I also find it really useful to ‘ask’ my dogs if they need the toilet. We say ‘Do you need to go out?’ and they will respond by getting excited or barking if they do.
6. Interrupt Accidents
Remember that supervising we mentioned earlier? This comes in useful to interrupt accidents too!
If you see your dog about to go to the toilet, don’t scold them but interrupt by saying a quick ‘no’ or ‘ah ah’. Then take them outdoors as quickly as possible so they can go to the toilet in the right place.
If your Chihuahua does have an accident when you’re not home ensure you clean it up thoroughly. If they can smell their pee or poo, they’re more likely to go to the toilet again in the same spot. Then continue on with your training.
Since Chis are so tiny, their accidents can be tiny too so they can be hard to spot. I recommend a thorough check around your home or their crate each time you get home during potty training.
7. Keep Things Positive
It’s important to remember that your puppy is still learning and they aren’t trying to be naughty (even if sometimes it feels that way).
Keep the process as positive as possible with lots of praise, rewards, and reassurance.

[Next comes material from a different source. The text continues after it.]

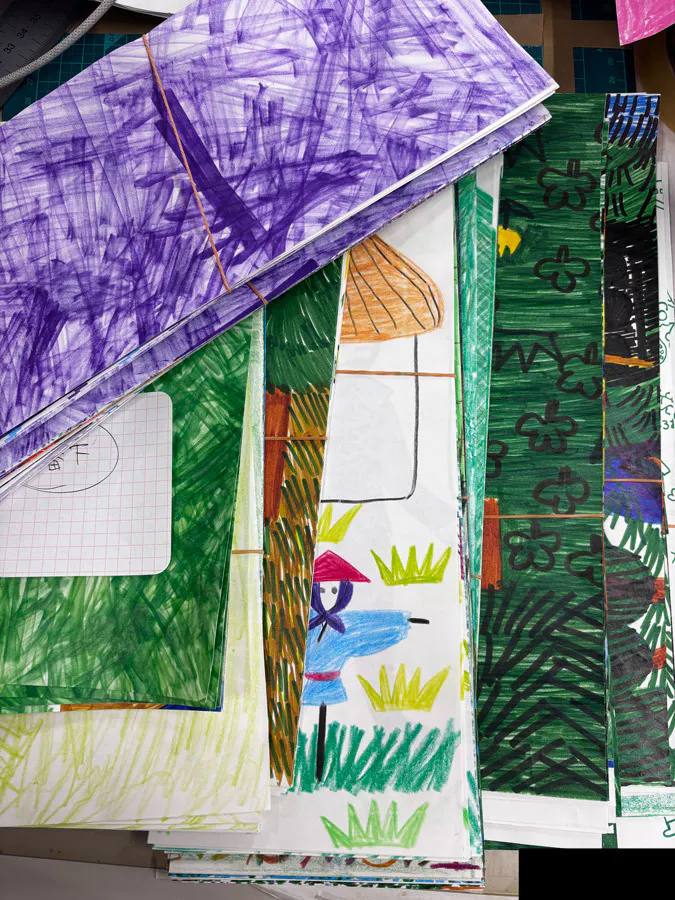 そこで、今年の七夕飾りの吹き流しにはたくさんのドローイングをパッチワークのように貼り合わせて使用してみることにしました。

Never scold them, shout, or use any other methods of punishment if they go to the toilet in your home – this will only make them scared and they won’t understand why you’re angry.
They especially won’t understand why they’re being told off if they’ve had an accident while you’re out – they can’t connect those two events in their mind.
Instead, stick to a short, firm ‘no’ if you see them having an accident, and continue with the other steps we’ve mentioned.
My Top Tips
I’ve toilet trained multiple puppies and older dogs so I’ve summarized my top tips for potty training your Chihuahua below:
- Use food rewards (they’re highly food motivated)
- Use high-value treats
- Give them lots of praise (Chihuahuas love their owner’s attention)
- Say a firm ‘no’ if you spot an accident but never punish them
- Take them out frequently due to their small bladders
- Crate or pen train your dog
- Be consistent and as patient as possible
- Don’t panic if it’s not working at first – keep going and it will ‘click’
If you are really struggling, you can always visit your vet or a professional dog trainer for further guidance.
Is It Difficult to Potty Train a Chihuahua?
Potty training a Chihuahua can be challenging but it’s possible with patience, consistency, and positive reinforcement. Create a routine that works for both you and your pup.
If you’re struggling at first, keep pushing through and your hard work will pay off! Before you know it, your Chihuahua will be going to the toilet outside like the good girl or boy they are!
What age can you potty train a Chihuahua?
It’s best to start potty training when your Chihuahua is a puppy, as early on as possible. However, older Chihuahuas can be potty trained too.
How do I stop my Chihuahua from peeing in the house?
Be consistent with potty training and ensure you clean up any accidents thoroughly – if they can smell where they went in the home previously, they will likely go in the same place again.